ZFS has served me well at home and at work for the past ~20 years, but I’m starting to hit scaling limits with just single nodes. 2024 will likely see my office deploy our first 4-5 node Ceph Cluster and I’d like to prepare for that day in my homelab. To that end, I’ve assembled a hardware template for a 4-node system below and would welcome any thoughts or recommendations on design (or anything else).
Ideally, if we come up with a useful cost-effective hardware template, others in the community will be able to use it to build out their own clusters.
Priorities
- Minimize upfront hardware costs
- Minimize recurring operational costs (i.e., power consumption)
- Performance (my only use case: streaming 100-200GB files to 1 client at 80-120 MB/sec. Largely WORM workload. Goal is to saturate a single 1GBe link.)
Current Hardware
- Data HDDs: 24x 8TB SATA, Seagate BarraCuda (ST8000DM008)

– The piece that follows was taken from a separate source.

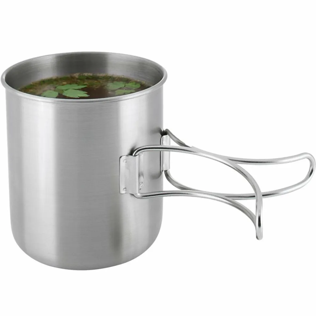 Becher mit 600 ml Volumen, den du dank der robusten Ausführung auch als kleinen Topf verwenden kannst. Die klappbaren Handgriffe reduzieren das Packmaß auf ein Minimum.
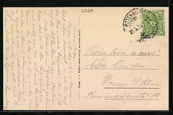 Personenbezogene Daten auf der Rückseite der Karte wurden durch blauen Textmarker unkenntlich gemacht. Die blauen Stellen sind auf die Vorderseite durchgeweicht und wirken sich negativ auf das Postkartenfoto aus

- Data HDDs: 24x 12TB SATA, Western Digital Red Pro NAS (WD121KFBX)
- Data HDDs: 24x 16TB SATA, Western Digital Gold Enterprise (WD161KRYZ)
- Data HDDs: 24x 20TB SATA, Seagate Exos X20 (ST20000NM007D)
- Chassis: 4x 24-bay 4U Hotswap NAS Case w/ 6x 6Gbps SF-8087 backplanes, Innovision (S46524)
- Motherboard: 4x Supermicro X11SSL-F
- CPU: 4x Intel Xeon E3-1230 v6 (4c/8t) @ 3.50GHz
- RAM: 4x 64GiB (4x16 kit) Supermicro DDR4 2400 VLP ECC UDIMM Memory RAM
- HBA: 4x LSI 9201-16i 6Gbps 16-lane + 4x AOC-USAS2-L8i 6Gbps 8-Lane
- OS SSDs: 8x 250GB SATA, Samsung 870 EVO (MZ-77E250B) (2x mirror per chassis)
Current Plan
Make 4x OSD nodes using the above HDDs, chassis, motherboards, CPUs, RAM, HBAs, and SSDs. Distribute the HDDs such that 6x of each drive goes into each 24-bay chassis like so: 6x 8TB, 6x 12TB, 6x 16TB, and 6x 20TB. This would ensure that each node is equally sized.
Buy 4x 10GbE PCIe cards, 1 for each node + switch + cables.
I have not yet spec’d out the Monitor and Manager Nodes and was considering running them on the same hardware as the OSD nodes. Thoughts on this are welcome.
Questions
-
Is the above hardware capable of fully saturating a 1GbE link to 1 client? Use case: streaming a single 100-200GB file to a speciality piece of lab equipment at a rock-steady rate above 80MB/sec, without any buffering. This client has some truly awful firmware and can crash if its buffers run empty, so I’m trying to design for a constant 80+ MB/sec. Read behavior is largely linear. At most 10-15 jumps throughout the file, for each file, as 10-20GB sections are streamed in sequentially.
-
Are these CPUs (4-cores/8-threads at 3.5 GHz) enough to handle 24 OSD daemons per chassis?
-
Is 64GiB per chassis enough for 24 OSD deamons per chassis?
-
I’d like this design to be able to withstand the failure of any 12 drives anywhere in the cluster. It’s not clear to me how I’d specify that from a CRUSH failure domain perspective. Guidance here welcome.
In your experience, what have you found to be the bare minimum? a 4c/8t CPU at 3.5Ghz does indeed sound a bit undersized for 24 HDD-based OSDs, so I’d be curious to read what others are running.